PROBLEM DESCRIPTION:
Write the data out again exactly, dropping any images it holds.

======== DATA TO PROCESS

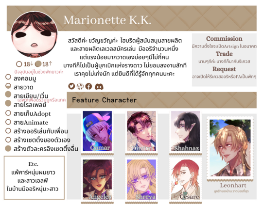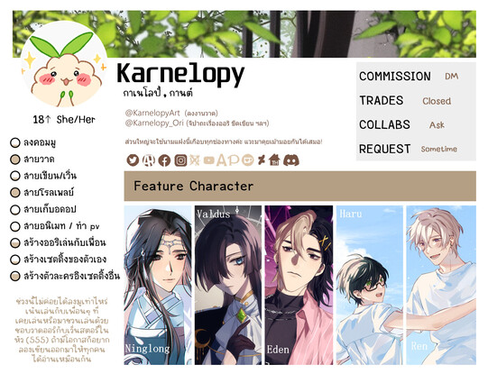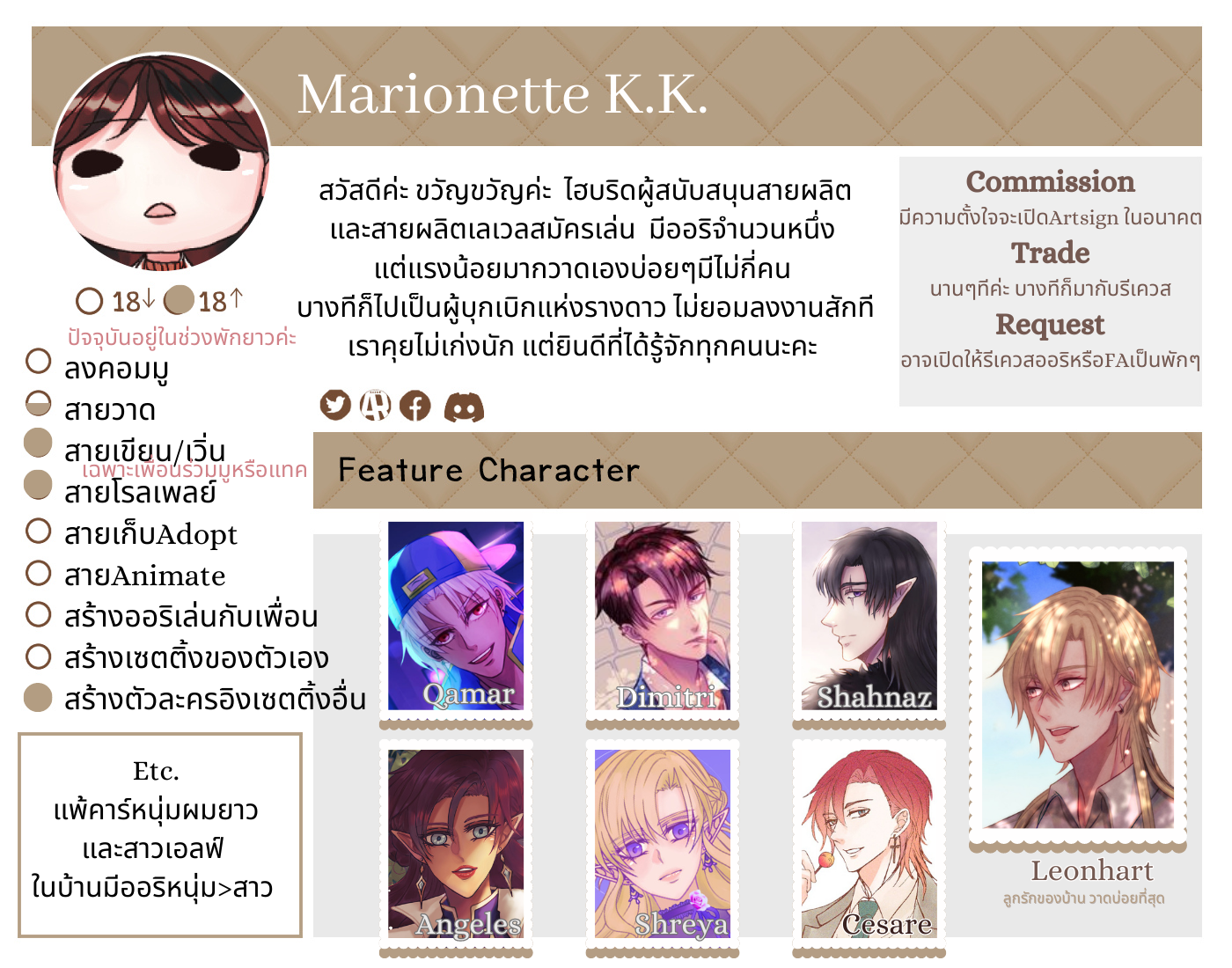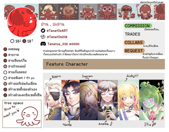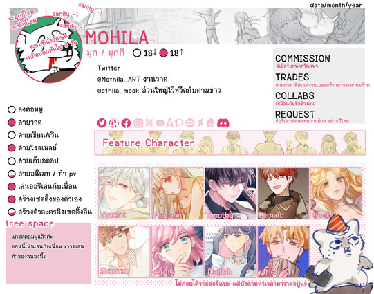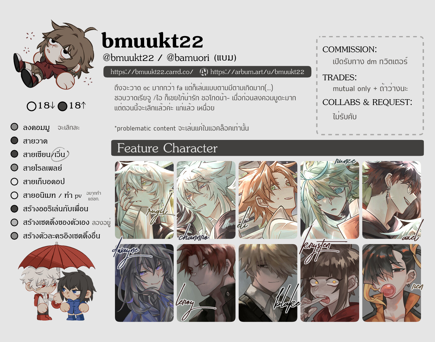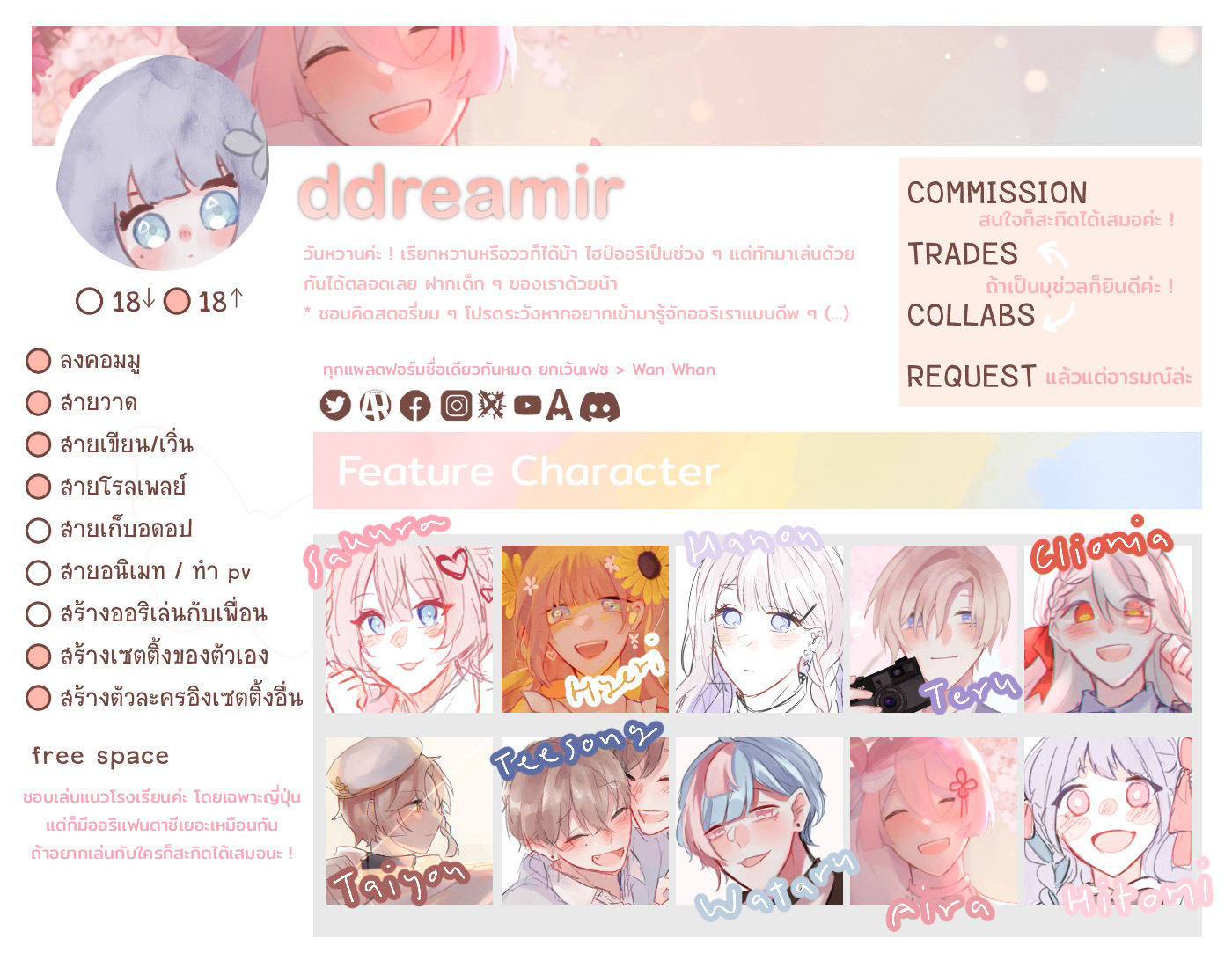เอาเทมเพลตอันนี้มาแปะในนี้ด้วย ปกติเป็นสายออริมากกว่าแฟนอาร์ตค่ะ ส่วนมากลงคอมมูเป็นหลักมีช่วงห่างหายเพื่อพักฟื้นเป็นระยะ
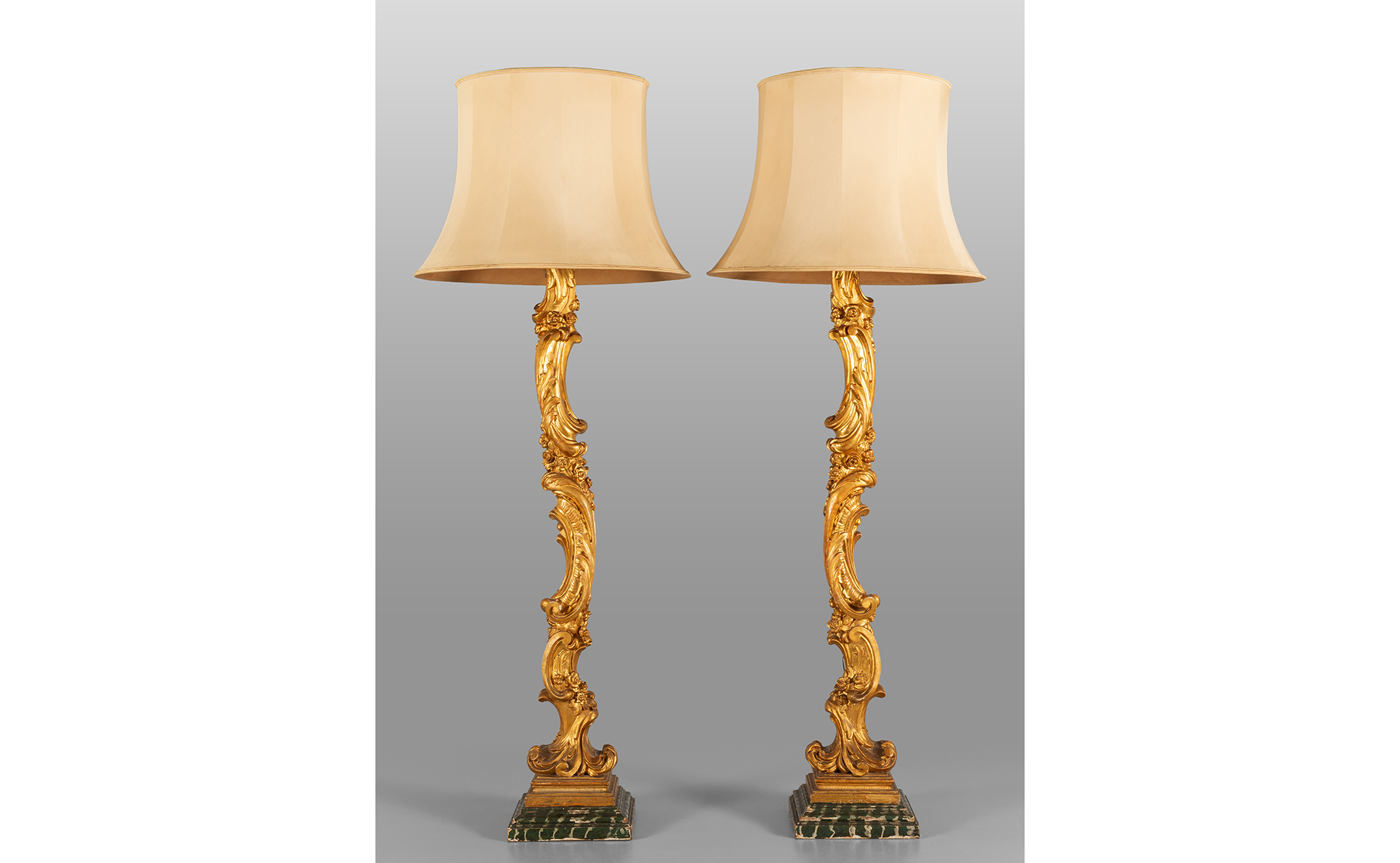 Coppia di piantane in legno finemente intagliato e dorato basi laccate a finto marmo sec.XVIII
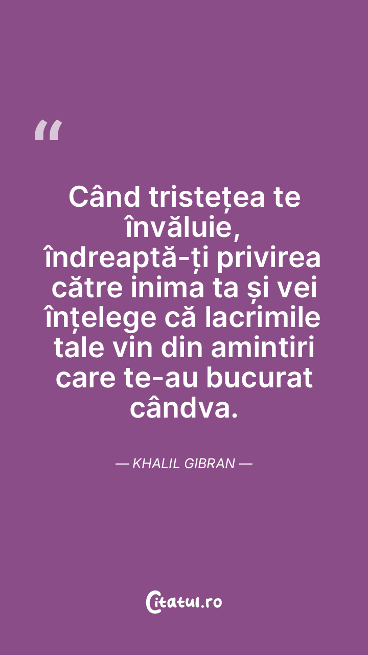 Când tristețea te învăluie, îndreaptă-ți privirea către inima ta și vei înțelege că lacrimile tale vin din amintiri care te-au bucurat cândva. Khalil Gibran
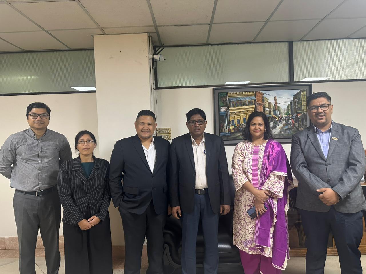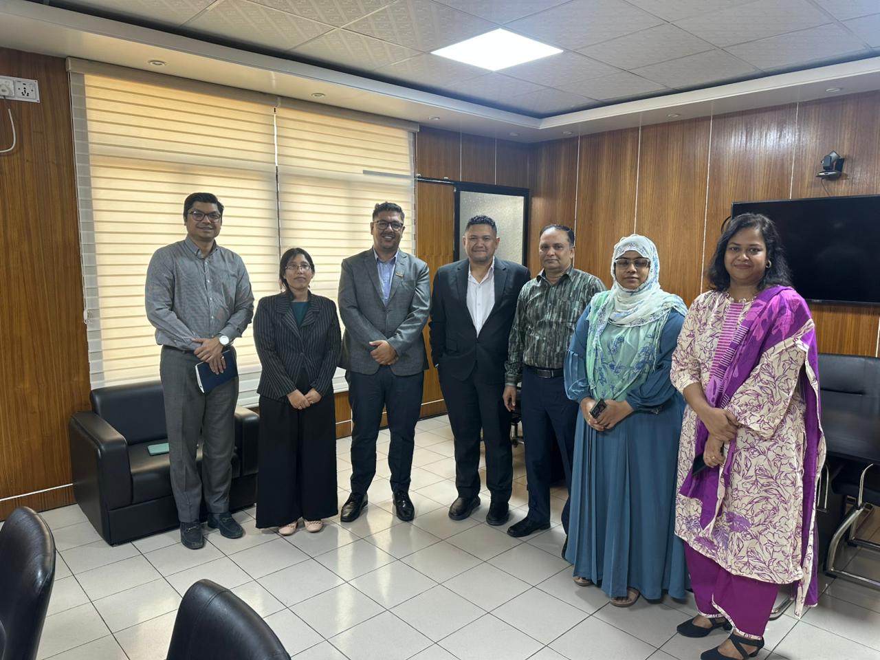 The team paid a courtesy visit to key DPHE officials, including Mr. Ehete Shamul Russel Khan (Additional Chief Engineer), Mr. Shishir Kumar Biswas (Executive Engineer, SIR Division), Mr. Shamim Ahmed (Project Director, 10 Town Project), and Ms. Dilruba Farzana (Deputy Project Director, 10 Town Project).
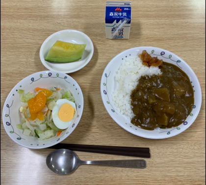 メニューは、カレーライス、サラダ、メロン、牛乳です。カレーライスはおかわりもできますよ。
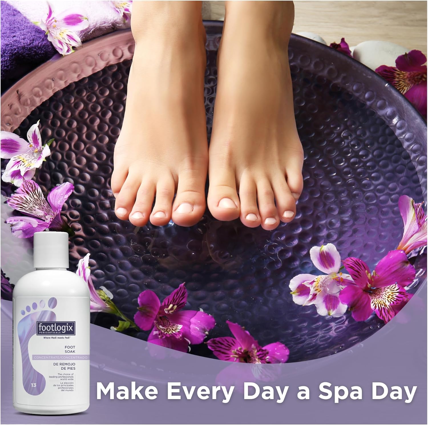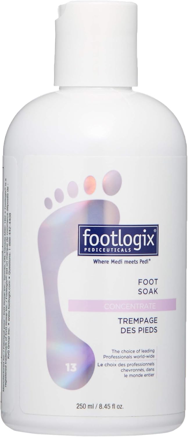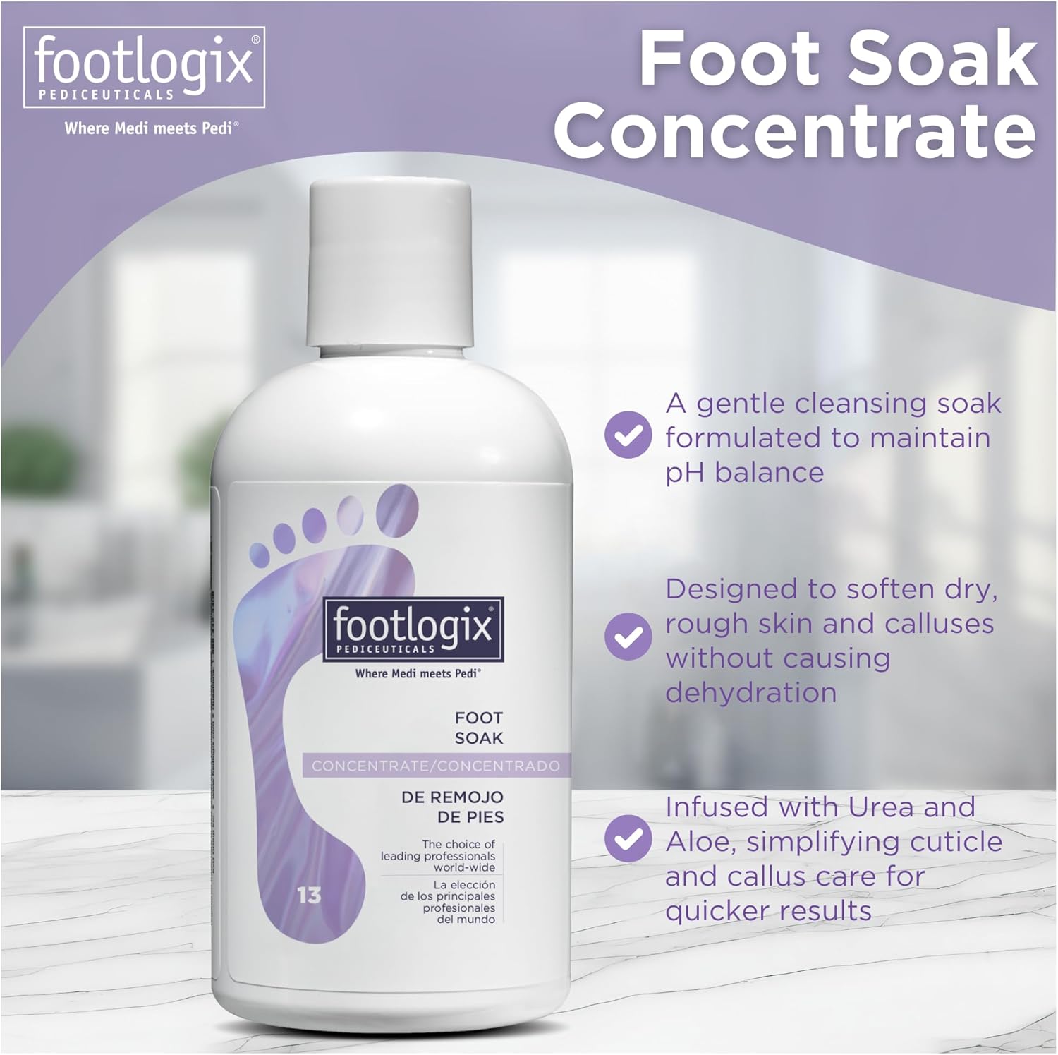 Product Description xperience a refreshing cleanse with our Footlogix Foot Soak Concentrate, the ideal solution for effective foot care. This pH-balanced product is a gentle yet impactful way to soften dry, rough skin and transform your feet. Brand Story Footlogix is the world's first and only Pediceutical foot care line. Our innovative products provide effective and transformational results for a variety of skin conditions of the the feet,Cleans the skin softly and gently,Does not dehydrate the skin while soaking,Diabetic friendly,Mild cleansing foot soak,Help soften calluses
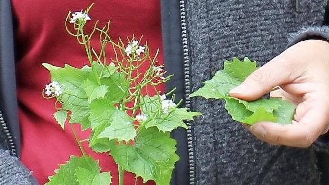 Die Knoblauchrauke schmecke - wie viele Kreuzblütler - leicht scharf, erklärt die Kräuterexpertin. Das sei auf das darin enthaltene Senföl zurückzuführen. Zur Zeit blüht die zweijährige Pflanze überall in großen Mengen. Gemixt mit Löwenzahn und Giersch werde daraus ein wunderbares Pesto (siehe Infobox).
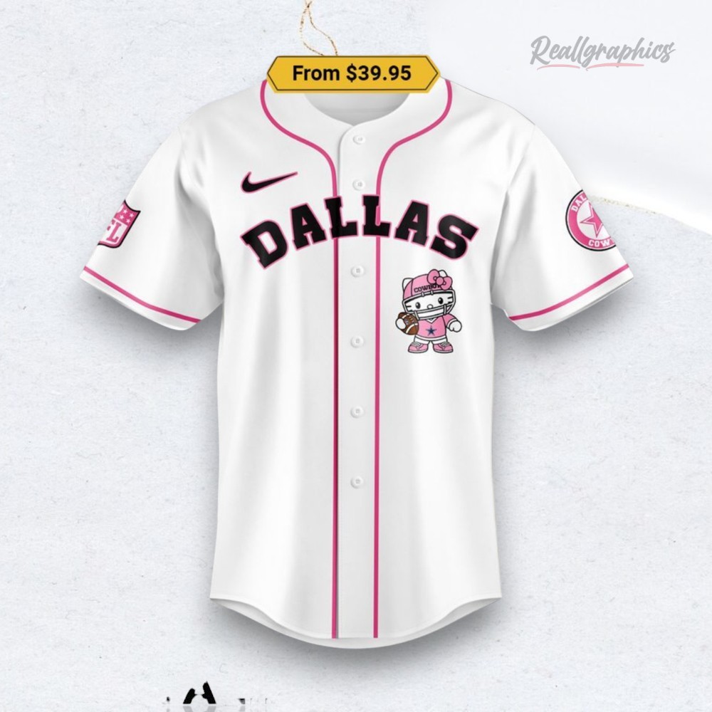 Touchdown fashion! Score major style points with this adorable Hello Kitty baseball jersey featuring America's Team. Perfect for game days or adding a playful twist to your everyday look. Get yours and show off your love for the Cowboys and the cutest kitty around!

================

SOLUTION BELOW:
เอาเทมเพลตอันนี้มาแปะในนี้ด้วย ปกติเป็นสายออริมากกว่าแฟนอาร์ตค่ะ ส่วนมากลงคอมมูเป็นหลักมีช่วงห่างหายเพื่อพักฟื้นเป็นระยะ
 Coppia di piantane in legno finemente intagliato e dorato basi laccate a finto marmo sec.XVIII
 Când tristețea te învăluie, îndreaptă-ți privirea către inima ta și vei înțelege că lacrimile tale vin din amintiri care te-au bucurat cândva. Khalil Gibran
 The team paid a courtesy visit to key DPHE officials, including Mr. Ehete Shamul Russel Khan (Additional Chief Engineer), Mr. Shishir Kumar Biswas (Executive Engineer, SIR Division), Mr. Shamim Ahmed (Project Director, 10 Town Project), and Ms. Dilruba Farzana (Deputy Project Director, 10 Town Project).
 メニューは、カレーライス、サラダ、メロン、牛乳です。カレーライスはおかわりもできますよ。
 Product Description xperience a refreshing cleanse with our Footlogix Foot Soak Concentrate, the ideal solution for effective foot care. This pH-balanced product is a gentle yet impactful way to soften dry, rough skin and transform your feet. Brand Story Footlogix is the world's first and only Pediceutical foot care line. Our innovative products provide effective and transformational results for a variety of skin conditions of the the feet,Cleans the skin softly and gently,Does not dehydrate the skin while soaking,Diabetic friendly,Mild cleansing foot soak,Help soften calluses
 Die Knoblauchrauke schmecke - wie viele Kreuzblütler - leicht scharf, erklärt die Kräuterexpertin. Das sei auf das darin enthaltene Senföl zurückzuführen. Zur Zeit blüht die zweijährige Pflanze überall in großen Mengen. Gemixt mit Löwenzahn und Giersch werde daraus ein wunderbares Pesto (siehe Infobox).
 Touchdown fashion! Score major style points with this adorable Hello Kitty baseball jersey featuring America's Team. Perfect for game days or adding a playful twist to your everyday look. Get yours and show off your love for the Cowboys and the cutest kitty around!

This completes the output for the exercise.